Canada‘s main stock index rose on Wednesday mirroring global mood, as energy stocks gained on stronger oil prices and as concerns around the new coronavirus variant Omicron eased.

At 9:41 a.m. ET (14:41 GMT), the Toronto Stock Exchange’s S&P/TSX composite index was up 224.87 points, or 1.09%, at 20,884.86, a day after posting its biggest decline since October 2020.

The energy sector climbed 1.9% with oil prices rising more than 3% as major producers prepared to assess the threat posed by the new Omicron variant of the coronavirus to energy demand. [O/R]

“Canadian markets rebounded with the markets around the world and at least we’re off to a bit of a relief rally to start December. The price of oil is bouncing back as well, which also helped the Canadian market today,” said Colin Cieszynski, chief market strategist at SIA Wealth Management.

Global equities rose, reversing much of the previous session’s losses, as investors used the dip in prices to bet the latest COVID-19 variant would not derail the economic recovery. [MKTS/GLOB]

Toronto-listed technology stocks rose 0.9% tracking gains in U.S. tech-heavy Nasdaq index.

The financials sector, which account for about 30% of the Toronto market’s value, gained 1.3%.

However, further gains in the sub-index were limited by National Bank of Canada, down 2.1%, as its earnings fell short of analysts’ estimates, despite fourth-quarter profit rising and the lender raising dividend payouts.

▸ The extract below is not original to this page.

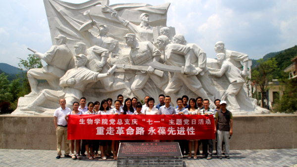 ——生物學(xué)院黨總支舉辦慶“七一”“重走革命路 永葆先進(jìn)性” 活動(dòng)。為慶祝中國共產(chǎn)黨建黨九十六周年華誕,6月29日,生物學(xué)院黨總支組織23名黨員赴商州區(qū)北寬坪鎮(zhèn)唐渠參觀商洛縣政府遺址、“中原突圍”紀(jì)念雕塑,開展“七一”主題活動(dòng),接受紅色革命再教育?;顒?dòng)期間,黨員們參觀了“中原突圍”紀(jì)念雕塑,重溫中原軍區(qū)沖破重重包圍,歷盡艱難,勝利地完成戰(zhàn)略轉(zhuǎn)移任務(wù)的革命事跡;隨后,參觀了商洛縣政府遺址,并舉行重溫入黨誓詞、合唱《沒有共產(chǎn)黨就沒有新中國》和黨的知識(shí)競答等活動(dòng)。

The materials sector, which includes precious and base metals miners and fertilizer companies, added 0.7% as gold futures rose 0.7% to $1,785.6 an ounce. [GOL/]

On the economic front, domestic manufacturing activity expanded at a slightly slower but still robust pace in November as production accelerated in spite of severe supply bottlenecks, data showed.


The TSX posted no new 52-week high or low.

Across Canadian issues, there were six new 52-week highs and 11 new lows, with total volume of 47.22 million shares.